Extracted records:
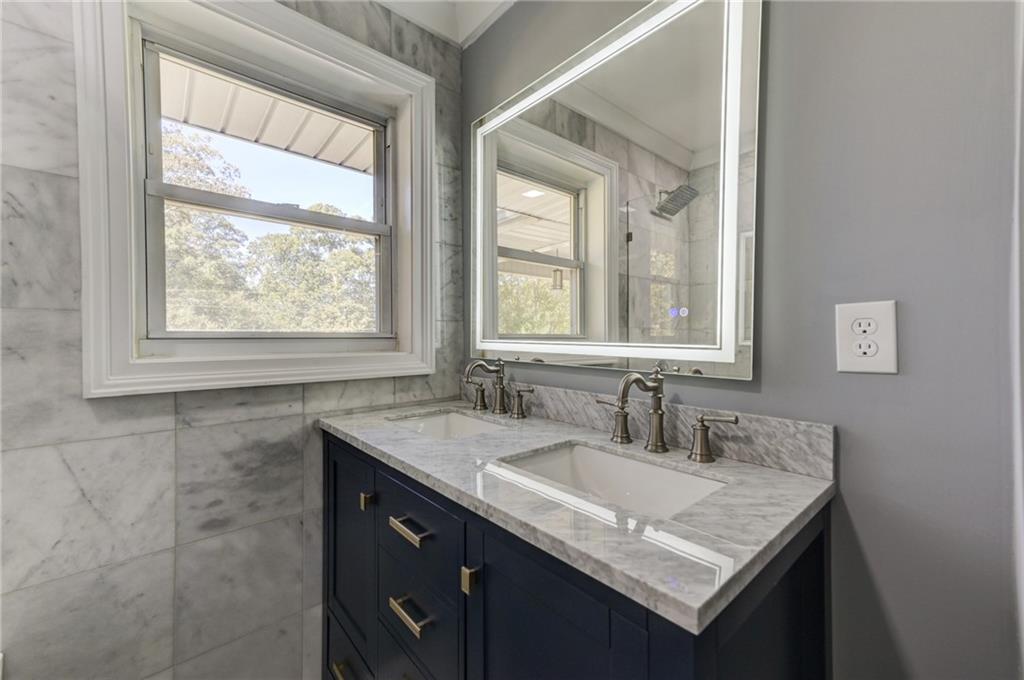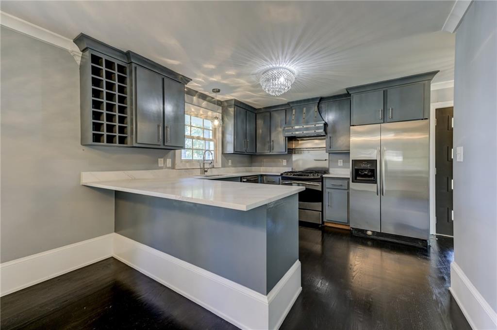This Home has been Meticulously Renovated Great Yard & Fenced in the Back. Great Location with a 5 Minute Drive to All the Happenings on The Westside and 15 minute Drive to Buckhead / Midtown. Covered Front Porch with Custom Mid -Century Front Door. Walk Inside and You have Newly Refinished Stained Black. Large Open Floorplan Featuring; Large Living Room. Dining Area. Chefs Kitchen Featuring Designer Cabinets, Counter Tops & Backsplash & High-End Appliances. The Kitchen Adjoins the Keeping/ Breakfast Room Which Includes a Very Cool Glass Wall Leading Down to your Terrace Level. Newly Added Guest Powder Room. Brand New Guest Bath with Designer Selected Stone Counters with Double Vanities, Large Soaking Tub and Stone Surround with Frameless Glass Shower Wall, Stone Wainscoting on Back Wall. Two Large Secondary Bedrooms with Ample Closet Space. Beautiful Master Bedroom with En-Suite Bath Appointed w/ Designer Stone, Frameless Glass Shower., New Vanity & Very Cool Vanity Mirror. Finishings. Outside in The Beautiful Backyard there is a 20 x 20 Detached Garage with Electricity and Water which can easily be converted into an In-law Suite or VRBO / AIR BNB for Income Generation. Full Daylight Terrace Level that can also be finished to whatever your heart desires Don’t Miss out on this Opportunity!
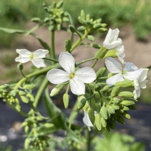 大根の花💠 昨年秋に蒔いた残りの種を3月に蒔きました。夏大根は辛いからと思い込んでいましたので、初めてこの時期に収穫となりました。先週は暑かったので1週間ぶりにいくと花💠が咲いている😲 今日は暑いけど、おでんで頂きます😊
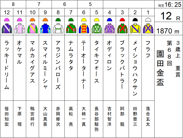 【園田金盃出馬表】 11/27(木) 12R、重賞「園田金盃」(園田1870m)の枠順が確定しました。 無敗の三冠馬でファン投票1位に輝いたオケマルは11番。連覇を狙うマルカイグアスは隣の10番。再び中距離に矛先を向けたダートグレードホースのアラジンバローズは8番。
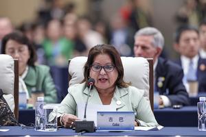 (251013) -- BEIJING, 13 octubre, 2025 (Xinhua) -- Teresa Amarelle, secretaria general de la Federación de Mujeres Cubanas, asiste a la reunión plenaria de la Conferencia de Líderes Mundiales sobre la Mujer, en Beijing, capital de China, el 13 de octubre de 2025. (Xinhua/Zhang Yuwei) (rtg) (ah) (ce)
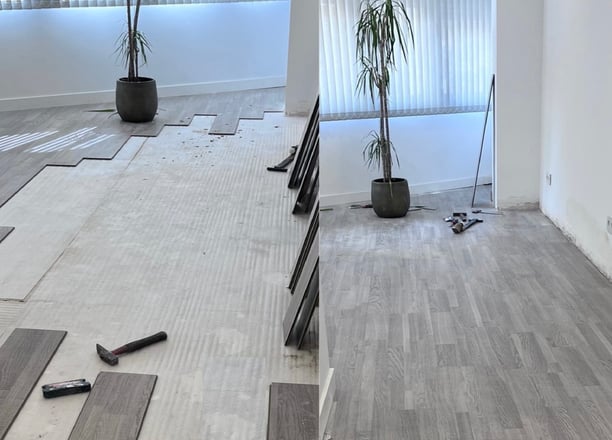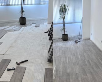 Retiramos el suelo antiguo y lo reemplazamos con tarima nueva de alta calidad, asegurando un acabado perfecto.
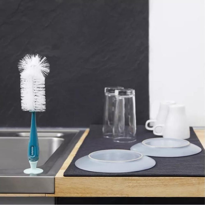 O escovilhão 2 em 1, para biberões e tetinas, irá ajudá-la a manter os essenciais da alimentação do seu filho sempre limpos. Um lado possui uma cabeça com escova de maiores dimensões com cerdas macias projetada para limpar sem esforço o interior do biberão. O outro lado, tem uma escova menor para limpeza precisa das tetinas e outros espaços mais apertados. A prática ventosa serve de base e mantém o escovilhão preso a várias superfícies.
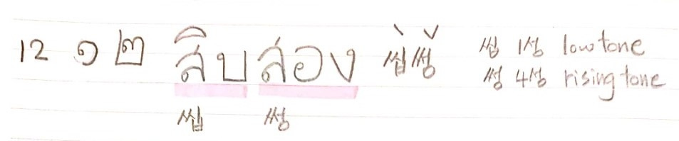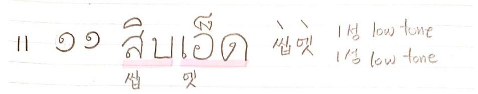 십일을 보면 십이 씹이고 일은 능이니까 씹능이라 할 것 같지만 그렇지 않다. 십일만 씹엣이라고 한다. 그리고 십이부터는 그대로 씹 + 썽 = 씹썽 그런 식으로 십이가 되니까 고대로 숫자를 붙이기만 하면 된다.
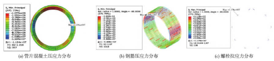 以断面YK4+959 为例,该断面结构采用水土分算,拱顶水压高达507. 1 kPa,在设计荷载下管片、钢筋和环向螺栓的应力云图如图4 所示。结构整体受压,拱腰处管片最大压应力为11. 34 MPa,最大钢筋压应力54. 98 MPa,螺栓最大拉应力为11. 78 MPa,与现场实测左右拱腰内侧管片混凝土压应力12. 3 MPa、钢筋压应力72. 6 MPa、环向螺栓拉应力9. 1 MPa 基本一致,验证了模型的可靠性。
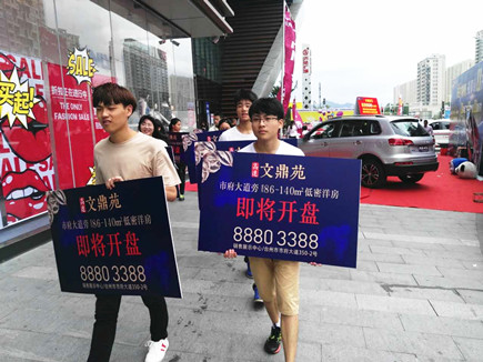 圖為文鼎苑銷(xiāo)售部人員在商場(chǎng)內(nèi)開(kāi)展宣傳活動(dòng)

[Your instructions]
Your answer must be a verbatim copy of the entries above, with no images included.

[Result of this task]
This Home has been Meticulously Renovated Great Yard & Fenced in the Back. Great Location with a 5 Minute Drive to All the Happenings on The Westside and 15 minute Drive to Buckhead / Midtown. Covered Front Porch with Custom Mid -Century Front Door. Walk Inside and You have Newly Refinished Stained Black. Large Open Floorplan Featuring; Large Living Room. Dining Area. Chefs Kitchen Featuring Designer Cabinets, Counter Tops & Backsplash & High-End Appliances. The Kitchen Adjoins the Keeping/ Breakfast Room Which Includes a Very Cool Glass Wall Leading Down to your Terrace Level. Newly Added Guest Powder Room. Brand New Guest Bath with Designer Selected Stone Counters with Double Vanities, Large Soaking Tub and Stone Surround with Frameless Glass Shower Wall, Stone Wainscoting on Back Wall. Two Large Secondary Bedrooms with Ample Closet Space. Beautiful Master Bedroom with En-Suite Bath Appointed w/ Designer Stone, Frameless Glass Shower., New Vanity & Very Cool Vanity Mirror. Finishings. Outside in The Beautiful Backyard there is a 20 x 20 Detached Garage with Electricity and Water which can easily be converted into an In-law Suite or VRBO / AIR BNB for Income Generation. Full Daylight Terrace Level that can also be finished to whatever your heart desires Don’t Miss out on this Opportunity!
 大根の花💠 昨年秋に蒔いた残りの種を3月に蒔きました。夏大根は辛いからと思い込んでいましたので、初めてこの時期に収穫となりました。先週は暑かったので1週間ぶりにいくと花💠が咲いている😲 今日は暑いけど、おでんで頂きます😊
 【園田金盃出馬表】 11/27(木) 12R、重賞「園田金盃」(園田1870m)の枠順が確定しました。 無敗の三冠馬でファン投票1位に輝いたオケマルは11番。連覇を狙うマルカイグアスは隣の10番。再び中距離に矛先を向けたダートグレードホースのアラジンバローズは8番。
 (251013) -- BEIJING, 13 octubre, 2025 (Xinhua) -- Teresa Amarelle, secretaria general de la Federación de Mujeres Cubanas, asiste a la reunión plenaria de la Conferencia de Líderes Mundiales sobre la Mujer, en Beijing, capital de China, el 13 de octubre de 2025. (Xinhua/Zhang Yuwei) (rtg) (ah) (ce)
 Retiramos el suelo antiguo y lo reemplazamos con tarima nueva de alta calidad, asegurando un acabado perfecto.
 O escovilhão 2 em 1, para biberões e tetinas, irá ajudá-la a manter os essenciais da alimentação do seu filho sempre limpos. Um lado possui uma cabeça com escova de maiores dimensões com cerdas macias projetada para limpar sem esforço o interior do biberão. O outro lado, tem uma escova menor para limpeza precisa das tetinas e outros espaços mais apertados. A prática ventosa serve de base e mantém o escovilhão preso a várias superfícies.
 십일을 보면 십이 씹이고 일은 능이니까 씹능이라 할 것 같지만 그렇지 않다. 십일만 씹엣이라고 한다. 그리고 십이부터는 그대로 씹 + 썽 = 씹썽 그런 식으로 십이가 되니까 고대로 숫자를 붙이기만 하면 된다.
 以断面YK4+959 为例,该断面结构采用水土分算,拱顶水压高达507. 1 kPa,在设计荷载下管片、钢筋和环向螺栓的应力云图如图4 所示。结构整体受压,拱腰处管片最大压应力为11. 34 MPa,最大钢筋压应力54. 98 MPa,螺栓最大拉应力为11. 78 MPa,与现场实测左右拱腰内侧管片混凝土压应力12. 3 MPa、钢筋压应力72. 6 MPa、环向螺栓拉应力9. 1 MPa 基本一致,验证了模型的可靠性。
 圖為文鼎苑銷(xiāo)售部人員在商場(chǎng)內(nèi)開(kāi)展宣傳活動(dòng)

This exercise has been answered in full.